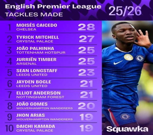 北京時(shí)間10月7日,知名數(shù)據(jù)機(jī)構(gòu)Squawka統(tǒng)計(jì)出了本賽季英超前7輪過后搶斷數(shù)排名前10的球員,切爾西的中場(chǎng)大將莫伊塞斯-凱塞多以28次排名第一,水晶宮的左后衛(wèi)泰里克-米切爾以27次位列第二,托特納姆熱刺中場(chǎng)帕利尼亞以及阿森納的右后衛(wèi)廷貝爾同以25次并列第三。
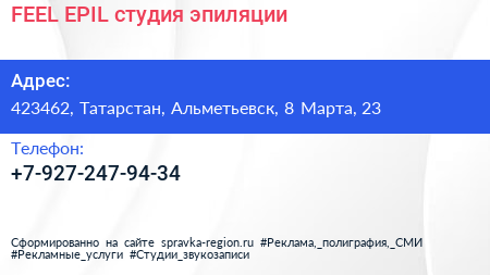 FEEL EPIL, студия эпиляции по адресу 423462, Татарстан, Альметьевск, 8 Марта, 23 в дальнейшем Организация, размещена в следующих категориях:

========================

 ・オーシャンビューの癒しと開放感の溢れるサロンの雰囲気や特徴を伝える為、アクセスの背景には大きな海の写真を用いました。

========================

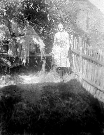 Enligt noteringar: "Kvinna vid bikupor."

========================

**Description of the task**
Repeat, word for word, the lines of the material above from the one holding "北京時(shí)間10月7日" through the one holding "FEEL EPIL, студия". Leave out pictures.

**Answer space**
 北京時(shí)間10月7日,知名數(shù)據(jù)機(jī)構(gòu)Squawka統(tǒng)計(jì)出了本賽季英超前7輪過后搶斷數(shù)排名前10的球員,切爾西的中場(chǎng)大將莫伊塞斯-凱塞多以28次排名第一,水晶宮的左后衛(wèi)泰里克-米切爾以27次位列第二,托特納姆熱刺中場(chǎng)帕利尼亞以及阿森納的右后衛(wèi)廷貝爾同以25次并列第三。
 FEEL EPIL, студия эпиляции по адресу 423462, Татарстан, Альметьевск, 8 Марта, 23 в дальнейшем Организация, размещена в следующих категориях:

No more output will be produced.